Keeping that in mind, The A-Team wins points for inspired and creative casting. As a fan, it scores a 50% of 2-out-of-4. Bradley Cooper is every bit, if not more, charismatic than Dirk Benedict ever was. Sharlto Copley channels the nut-job personality that Dwight Schultz did so well. (On a sidenote, both of those original actors have post-credits cameos in the film.) The iffy two are Liam Neeson and Quinton "Rampage" Jackson. The TV "Hannibal" is a smiling, often-disguised, cigar-smoking frontman with all of the good lines, as embodied by the late George Peppard. Liam Neeson brings his Taken stern and intimidating look to the part that you will either love for being intense and modern or hate for not being fun enough. For me, I kind of always wanted Bruce Willis at his age and sarcastic craftiness to play that part. As for B.A., I don't think anyone could follow the iconic bad-ass attitude created by Mr. T. with just his scowl and growl alone. While Jackson sure looks and plays the part physically, he's a non-actor who doesn't have close to the screen presence of Mr. T.
Nonetheless, critiquing aside, The A-Team will likely be the most action-packed movie you will see this summer. I think it surpasses Iron Man 2 and Robin Hood in the thrills department and I am confident it will be more fun and satisfying than wimpy, brooding teenage wolves and vampires coming soon in Twilight: Eclipse. The plan was to make a summer roller coaster ride of modernizing a piece of fun nostalgia for a new audience, and we "love it when a plan comes together." Alpha Mike Foxtrot, everyone!
LESSON #1: GOOD STRATEGIC PLANNING IS BETTER THAN IMPROVISATION-- Like the signature Hannibal Smith catchphrase, planning for every contingency and executing that plan without deviation makes for very effective results. While being improvisational like a jazz musician or John McClane can be fun and necessary at times, a well thought-out plan will get the job done better every time. You'll love the results, too.
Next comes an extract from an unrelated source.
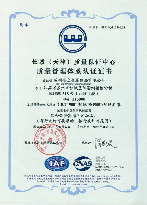 开云网页版·官方端网站-开云(中国)成立于2013年3月,注册资本500万元,是一家从事铝合金登高工具生产及销售的企业,开云网页版·官方端网站-开云(中国)坐落于“人间天堂”苏州市,毗邻阳澄湖度假区,交通十分便利。在铝合金产品加工有着很深厚的底蕴和丰富的经验。同时是铝合金登高产品解决方案的供应商。公司通过ISO9001质量管理体系认证,将公司发展的步伐向前迈进一步。
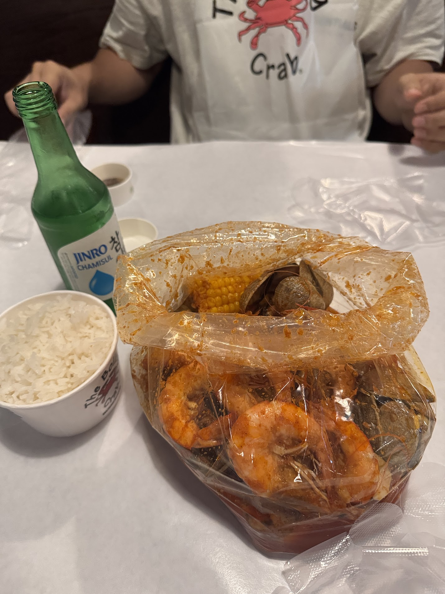 보일링 시푸드 집에 왔습니다. The Boiling Crab 이라는 가게였고, 한인타운 근처에 있어서 소주도 있길래 같이 시켜보았습니다. 진짜 참고로 너무 맛있었습니다. 999/10점. 소스가 정말 자극적이라 밥이 그냥 쑥쑥 넘어갑니다.

LESSON #2: LOYALTY IS KEY TO EVERY GOOD TEAM-- Regardless of whether you are talking about an office work group, the New York Yankees, or clandestine military specialists, loyalty is a key component to every team. If you trust the man next you and they trust you, your combined efforts will bear fruit. Loyalty to always support your team in need is also paramount in this lesson.
LESSON #3: MISDIRECTION IS AN EFFECTIVE STRATEGY-- Like every good A-Team episode and plan, a little dash of misdirection can make up for being in situations when it's 20 against 4. Liam Neeson knows this well as the "Theatricality and deception are powerful agents" mentor from Batman Begins. This team of men nails this lesson.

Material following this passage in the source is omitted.